M: Preeeetty sure if I had bangs they would look like O'Briens.

A: Do you have any idea how much I want this to happen? My hair is more along the line of Bates most days.

M: Oh it is NOT. Besides, Bates wold look awful as a redhead.

A: I stumbled across this while googling "Downton hair" and i cannot stop laughing:

M: OMG, that totally looks like Matthew! But minus the piercing blue eyes.

A: PEE ESS I have not finished watching the finale. If you spoil I will be full of rage.

M: OH! Oh. Good to know. We...probably shouldn't talk for the rest of the day.

A: I'm a little surprised that Twitter hasn't already wrecked it.

M: Me too, actually.

A: Derp.

A: Most of my feed was watching that zombie show instead. I can't.

M: Lavinia is the embodiment of Derp.

A: Right? She's such a Mary Sue.

M: A lot of my FB feed was watching Celebrity Apprentice. Really, people? Really?

A: People watch that? Are they the same people who Love Raymond?

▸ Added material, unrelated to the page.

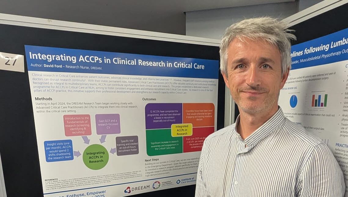 David, one of our Research Nurses, showcased his poster on Integrating ACCP’s in Clinical Research in Critical Care at the EEE Conference last week and won 'best rapid poster presentation'!
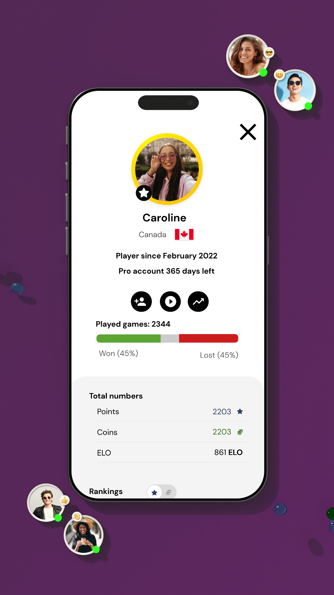 Assess your skills and game statistics in comparison to other players. Obtain a comprehensive view of your skill progression.

M: Total Mary Sue. I called her being the only victim of the Spanish Flu at Downton.

A: Derp derrrrrppppp. So sad. So convenient.

M: Let's not forget that Two and a Half Men was a ratings juggernaut. Most of America is probably wondering who Downtown Abby is.

A: She's Uptown Abby's goofball twin!



M: I love that someone made that, and also find it more than a little creepy.

A: It is so deliciously creepy.

M: But back to O'Brien's hair. And her sideburns!

A: That actress got the the worst look ever. Even worse than the cooks. I mean, holy shit?

M: Oh, totally. All I can figure is it really helped her tap into her inner rage. Because it would for me.

A: It is remarkable what a terrible hair style will do to a girl.

M: I was just going to send you this!

A: Dang.

M: Seriously. I get a little weirded out seeing the actors in modern clothes. I mean, this is just wrong.

A: Hee! I love that one. But yeah, it's very strange to see them all sexy and modern.

M: He's so cute! But very un-Bates-like.

A: Now, can we talk about Daisy's waist? Because it is just unfair.

M: I think Daisy had ribs removed. That's all I can figure.

A: She's also 12 years old. Or something like that.

M: I kind of want to give her a stern talking to about this dress:

A: Oh sweetie! NO.

M: She's 27! Old enough to know better.

A: Oh, dear.

M: Bless her heart.

To be continued...



    It is really weird seeing them all modern ... but awesome.

  2. the most hilarious of all DA spoofs i've seen:

    and i was so bothered by seeing them with make up on that i couldn't even watch the bonus "making of" stuff that the end.

    1. "Oh, she sooooo heard that. You pissed off the chicken lady!"

  3. I loved you guys before this post but I love you even more now (almost as much as I love Downton Abbey)!

    And, dang, O'Brien is a hottie. Who knew?